I need to ensure only one worker is working on a given job. Some workers will be in AZ 1A talking to the redis machine in 1A, and some will be in AZ 1B talking to the machine in 1B. I need to avoid the scenario where a worker in 1A and a worker in 1B both deque the same job from different redis masters and try to work on it simultaneously.
Does this worker pseudocode have any race conditions that I may have missed?
job_id = master1.BRPOPLPUSH "queue", "working"
m1lock = master1.SETNX "lock.#{job_id}"
m2lock = master2.SETNX "lock.#{job_id}"
completed = master1.ZSCORE "completed", job_id
if completed
# must have been completed just now on other server, no-op
master1.LREM "working", 0, job_id
master1.del "lock.#{job_id}"
master2.del "lock.#{job_id}"
elsif not m1lock or not m2lock
# other server is working on it?
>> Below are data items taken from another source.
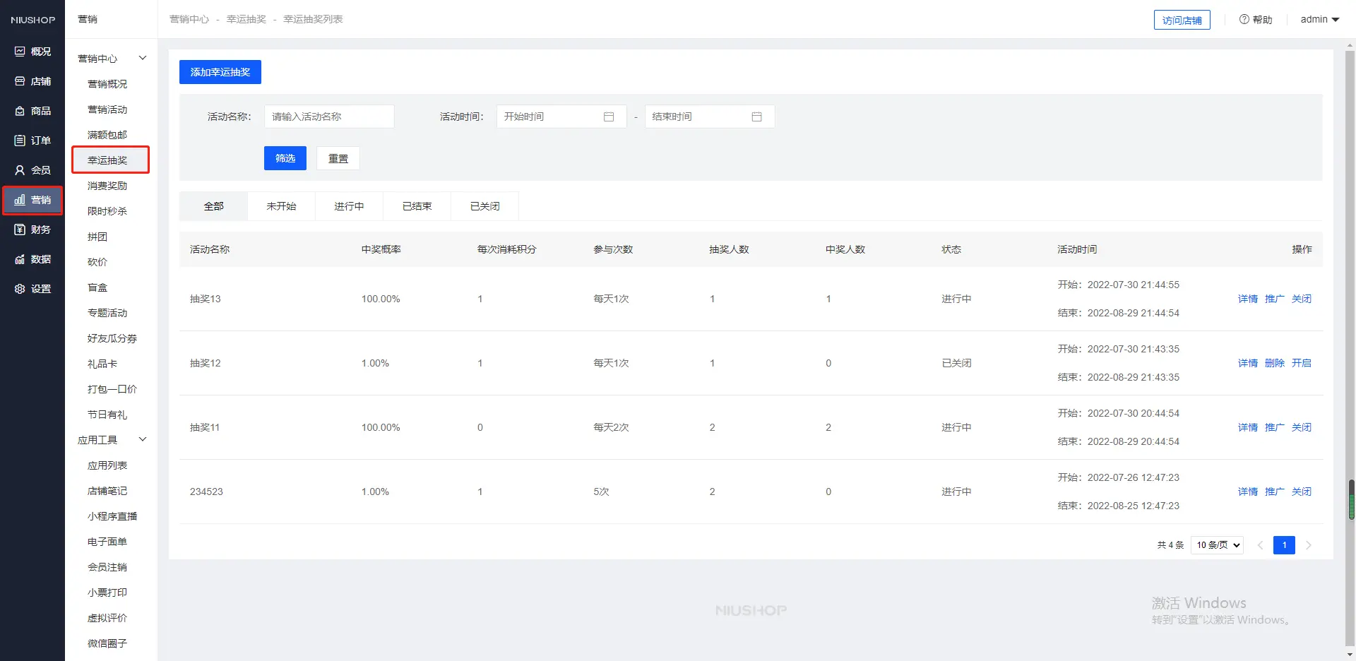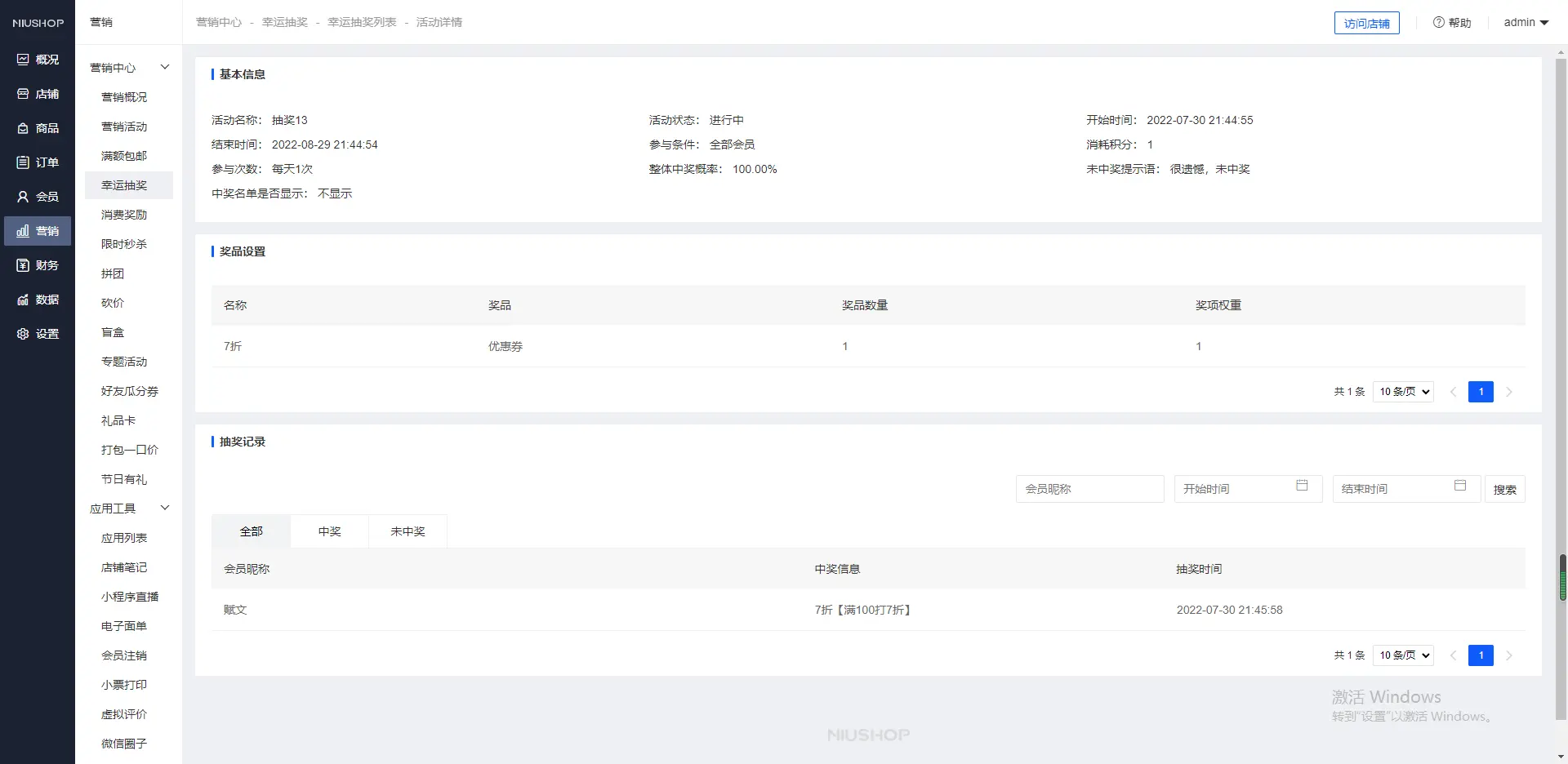 商家可以查看会员抽奖记录,进行活动的推广与新建“幸运抽奖”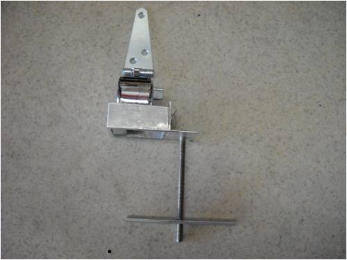 Building Update Sooner or later any self-respecting wind genny builder is going to need an accurate way to count coils of wire. For most of the crew, it can be done by hand, but when you build super small stuff like I do, the wire size gets rather tiny and you need lots of coil turns, more turns than you want to count by hand. To that end, I built myself an accurate coil-turn counter. As it turns out, I can also use it to very accurately measure my lathe's rpms. All I do is start my stop watch at the same time I start my lathe, with the counter engaged. I let it go for exactly one minute and shut things down, then glance at the counter and that's the rpms. Here we go: This is the finished toy and now I'll show you how I built it. That's a steel shutter hinge mounted on the back of the part that holds the little counter. As the cam from the winder comes by each revolution, it whacks the hinge, which clicks the counter and the numbers show in the little window. There's a knob to one side, which when twisted, resets the counter to 0000. Here's a side shot. The counter ($10 @ Staples) is pinched inside a 2" x 2" extruded-aluminum square tube I cut off a larger piece. A nylon 1/4 x 20 bolt holds it in place, wedged inside the square aluminum tube on three other sides. Here the whole contraption is mounted on my lathe bed ways. That large screw goes through to the underside of the ways and is held in place by a large bar that sandwiches everything each side of the lathe bed. Here's a tight shot of the little counter window sowing the numbers. That little knob to the right side is used to reset the counter to zero. Here's a shot of that bar underneath the lathe bed, which holds the counter tightly to the top of the lathe ways. This shows the counter, the long screw and the bar, which goes under the lathe bed for anyone who might be 3-D challenged!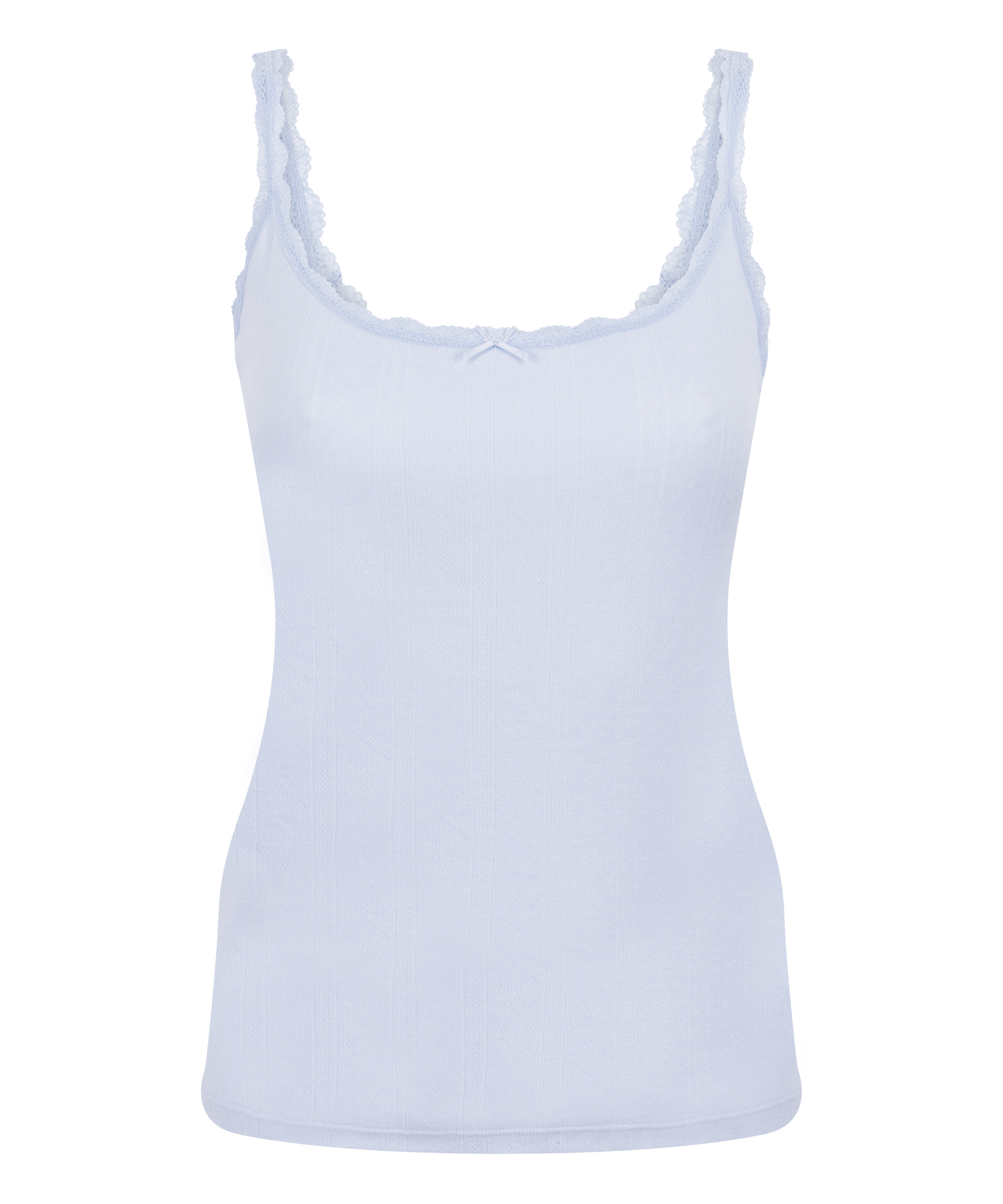 Embrace effortless charm with our Singlet, a perfect mix of femininity and comfort.. Made from soft pointelle fabric, this singlet features a delicate textured pattern that adds subtle elegance. The lace details along the neckline bring a romantic touch,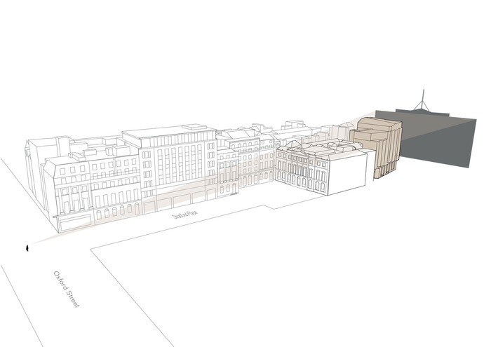 A critical consideration for the site’s development was its presence in the view of Grade I-listed Stratford House from the junction of Oxford Street and Stratford Place, identified as a significant contribution to Westminster’s townscape and historic character by the Westminster City Council Conservation Area Audit. The previous building had a negative impact on this view.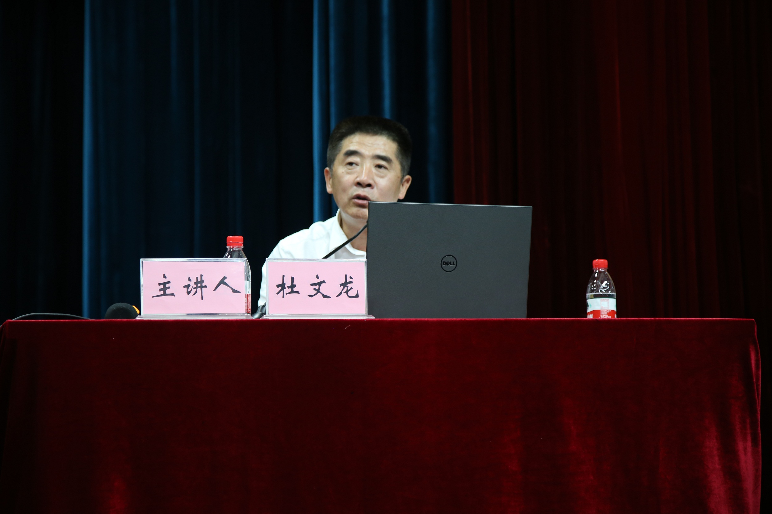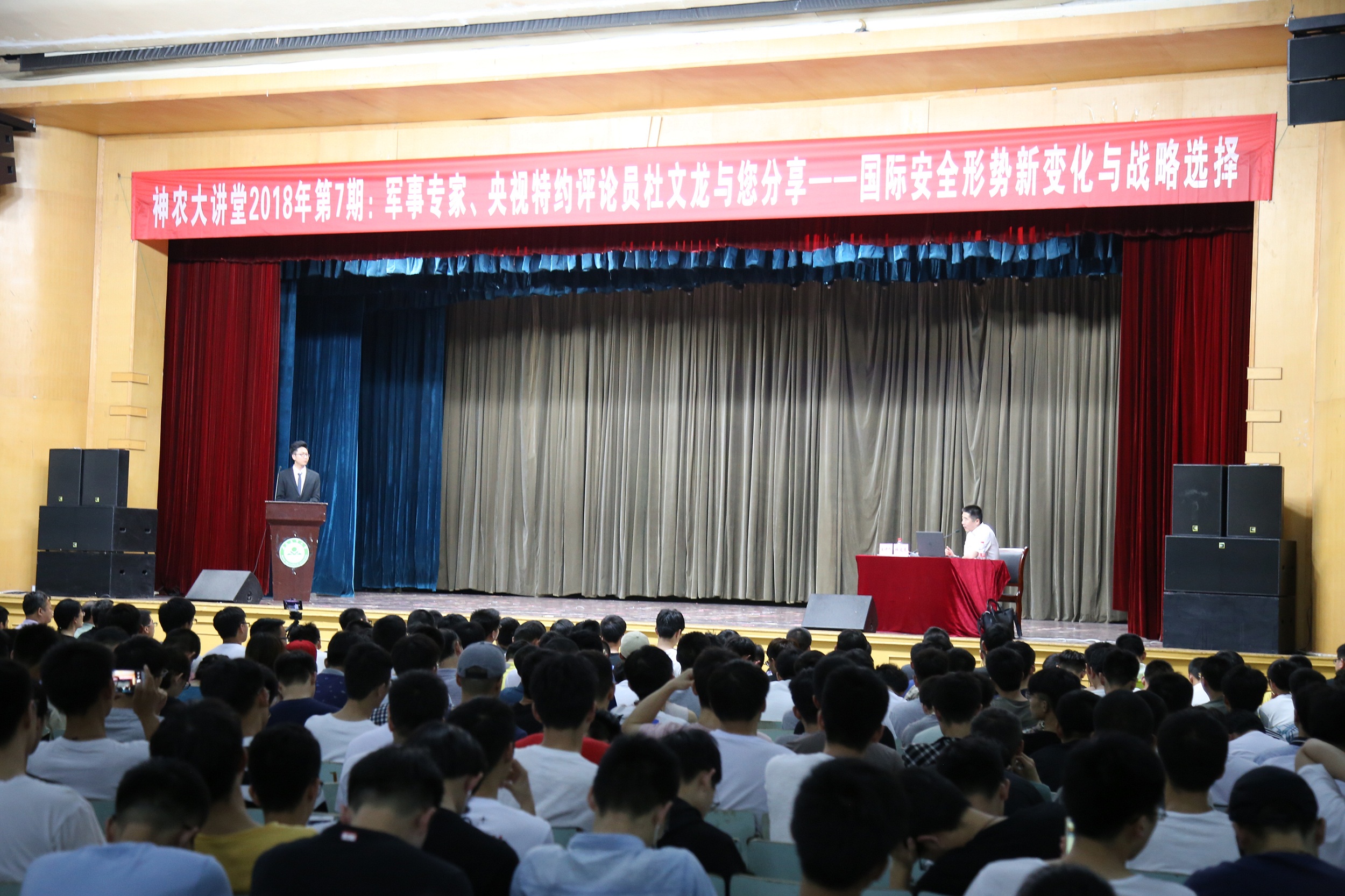 本网讯 6月1日晚,军事专家、央视特约评论员杜文龙教授做客我校庆祝建校90周年系列报告会——2018年第7期“神农大讲堂”,在校大礼堂为我校师生带来了一场主题为“国家安全形势新变化与战略选择”的精彩讲座。校党委组织部部长周旭、办公室主任刘凯、招生就业处处长刘海涛、武装部部长涂德润、外国语学院党委书记姚莉、校工会副主席吴冬梅、工学院党委副书记孙福、校团委副书记任琪出席讲座,现场近2000名师生参加了这场讲座。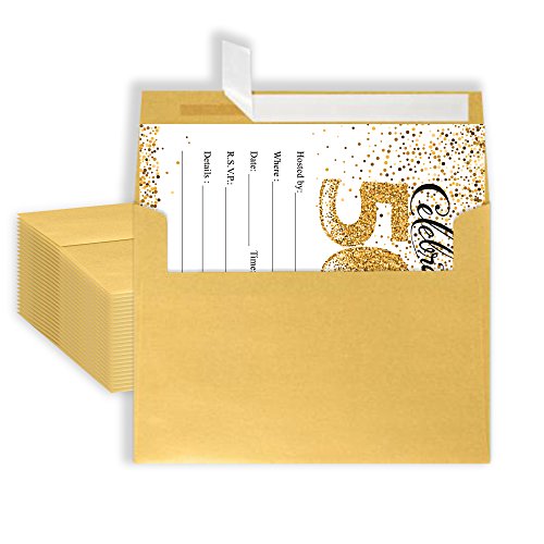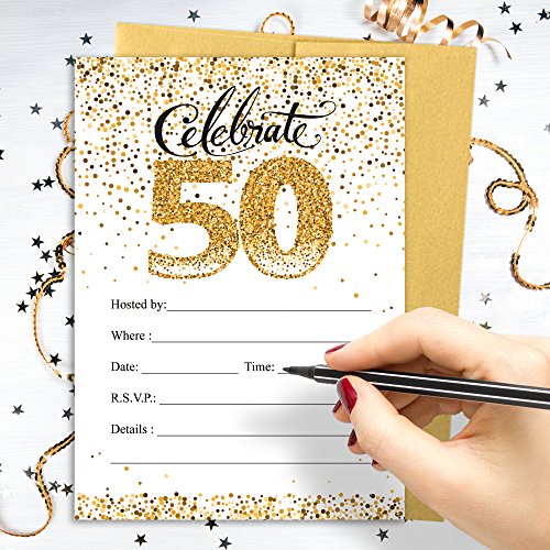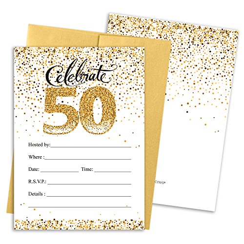 50th Birthday Party Invitation Cards with Envelopes, 25 Count (White and Gold)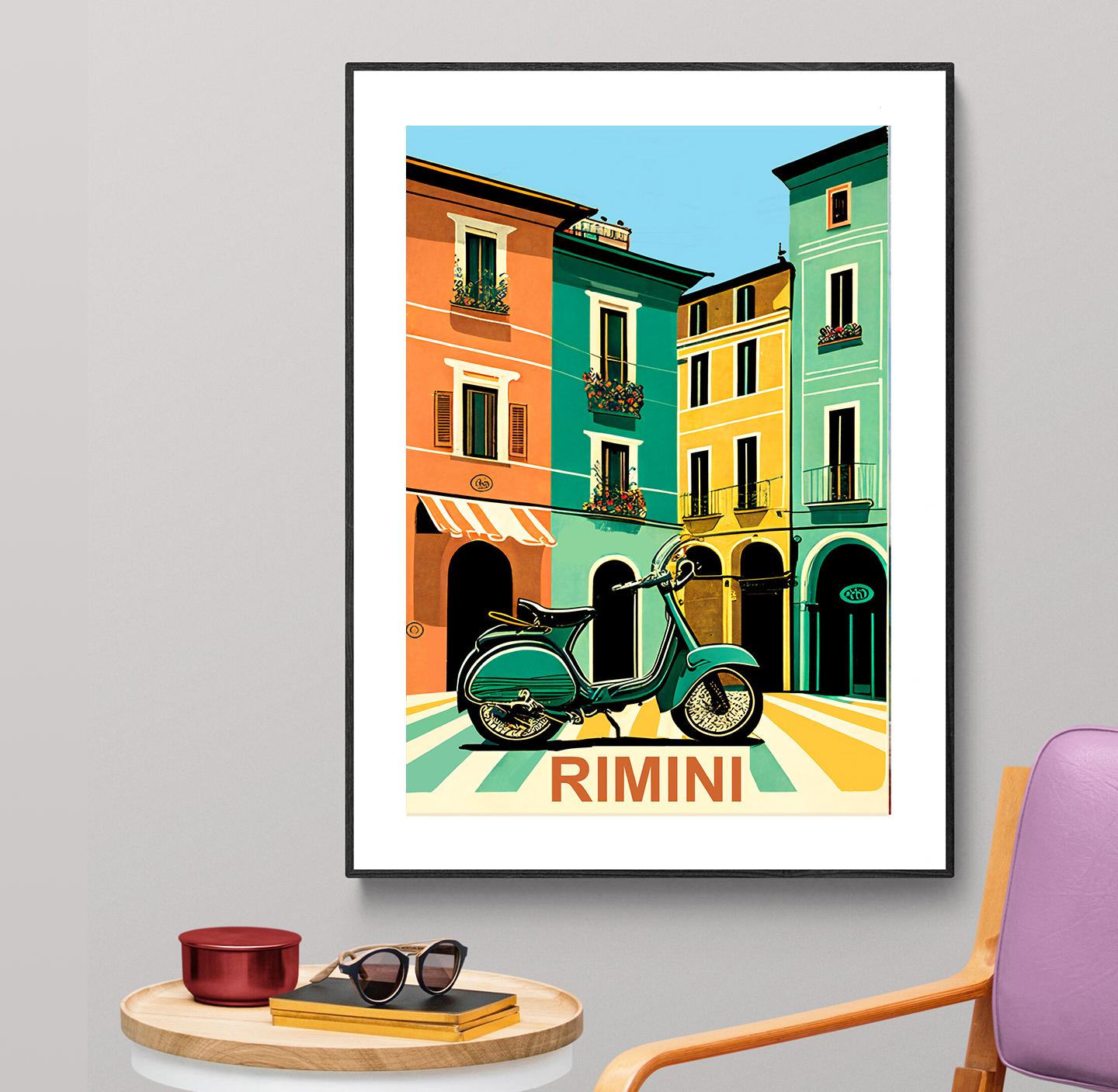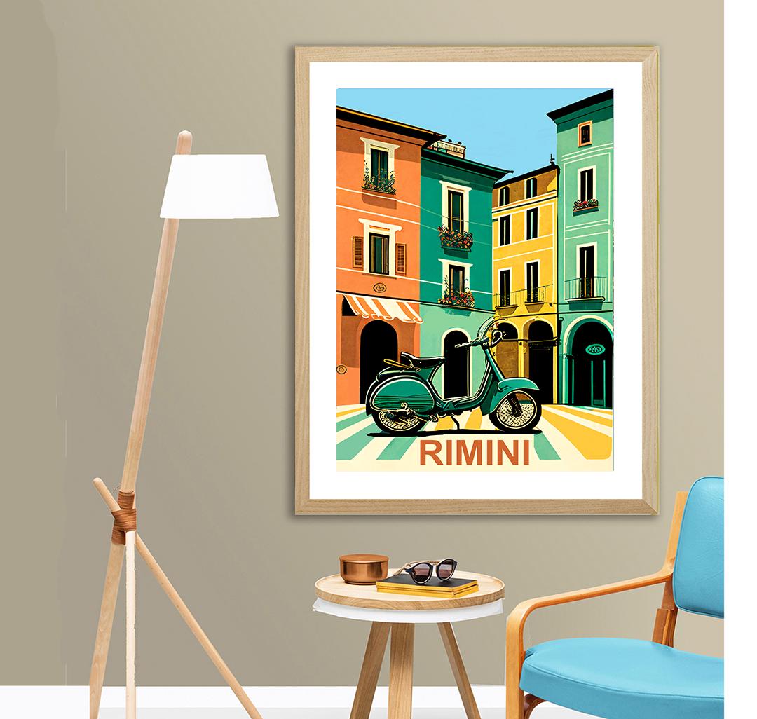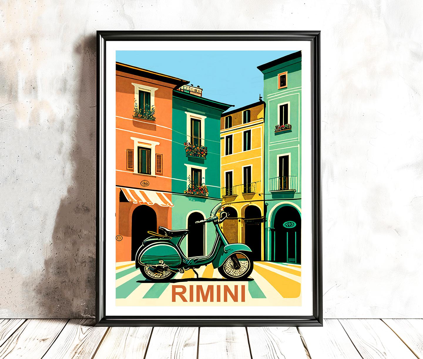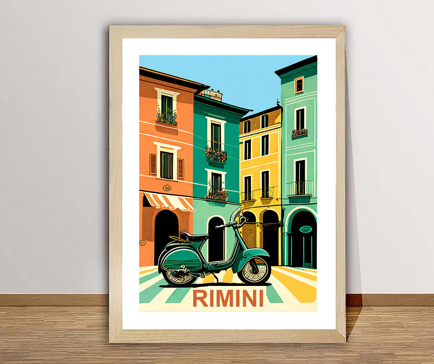 Rimini Italy Travel Poster: Vintage Scooter Art Print

We will put back at the end of our queue
master1.LPUSH "queue", job_id
master1.LREM "working", 0, job_id
master1.del "lock.#{job_id}" if m1lock
master2.del "lock.#{job_id}" if m2lock
else
# have a lock, it's not complete, so do work
do_work(job_id)
now = Time.now.to_i
master1.ZADD "completed", now, job_id
master2.ZADD "completed", now, job_id
master1.del "lock.#{job_id}"
master2.del "lock.#{job_id}"
master1.LREM "working", 0, job_id
master2.LREM "queue", 0, job_id # not strictly necessary b/c of "completed"
end
what you are trying to do in essence is master-master replication, whether it’s a queue or anything else, redis doesn’t support it, and your pseudo code has race conditions.
just doing:
means another worker can take the job while you are doing this, and two workers will work on it at once.
I don’t think redis is ideal for your pattern, and I don’t know any queue server that can work that way, but then again, I don’t know many such servers, so I’m sure there is.
If you load balance your work so that only one master gets a job at once, it is possible, but then you have two queues in essence, not one.